I am having trouble understanding the following statement:
3.20 Proposition, pg44: Let $D$ be a symmetric, odd graded elliptic operator on a graded vector bundle $S$ over a compact manifold. The element $[\phi_D] \in K(\Bbb C) \cong \Bbb Z$ is the Fredholm index of the operator $D$.
What exactly are used in making sense of this statement:
Def 2.10, page 19. A Graded $*$-homomoprhism $\phi_D:\mathcal{S} \rightarrow \mathcal{K}(H)$ from spectral theorem.
Prop 3.17. There is an isomoprhism $$\Phi:K(A) \rightarrow [\mathcal{S}, A \otimes \mathcal{K}(H)]$$
What the above two means is explain in my other post.
The proof goes as follows:
We have a homotopy of $*$-homomoprhisms $\phi_{s^{-1}D}(f) = f(s^{-1}D)$. At $s=1$ we have $\phi_D$ at $s=0$ we have the homomorphism of $f \mapsto f(0)P$ where $P$ is projection onto the kernel of $D$.
How does one obtain continuity at $s=0$ - why is the resulting map as described?
This corresponds to the integer $\dim(\ker D \cap H_+) - \dim (\ker D \cap H_-)$.
How does one make this computation?
The operator $D$ here is special: If $D$ is elliptic on a compact manifold, it will have compact resolvant by Rellich's lemma: $(1+D^2)^-\frac{1}{2}$ is compact. Therefore the spectrum of $D$ are eigenvalues, they have no limit point except $\lambda=+\infty$. If $f(x)$ is a continuous function of spectrum of $D$, $f(D)$ is well-defined. This will contain something like $\delta_0(x)$ who is 1 when $x=0$ and is 0 elsewhere. This is not continuous on $\mathbb{R}$, but is continuous on the spectrum of $D$!
If $f$ vanishes at the infinity, $f(D)$ is bounded. The continuity of the operators $f(s^{-1}D)$ are considered under the norm topology. Since $$\lim_{s\to 0} f(s^{-1}x)\to \delta_0(x)f(0)$$ As continuous functions over the spectrum of $D$. Also $\delta_0(D)$ is the projection $P$ to the eigenspace for $\lambda=0$. We have the first limit of your question (1).
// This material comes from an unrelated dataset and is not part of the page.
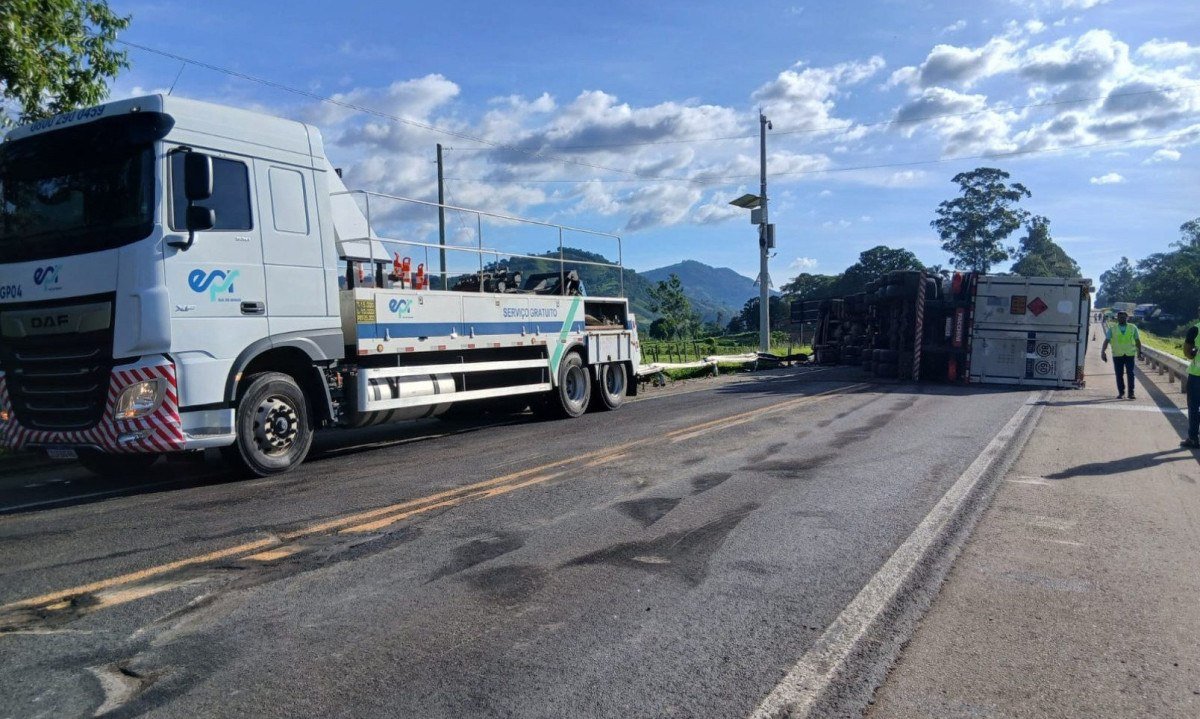 MG: caminhão carregado com 10t de gás natural tomba e interdita BR há horas

Also by the result of compact resolvant, the dimension of the eigenspaces are finite dimensional, Let $P_+ ,P_-$ be the projection on $\ker D\cap H_+$, $\ker D\cap H_-$ respectivly. They will be trace-class operators(as operators on $L^2(M)$. We have $$ \dim(\ker D\cap H_+)=Tr(P_+),\quad \dim(\ker D\cap H_-)=Tr(P_-)$$
We define a "supertrace" $Str(P):=Tr(P_+)-Tr(P_-)$.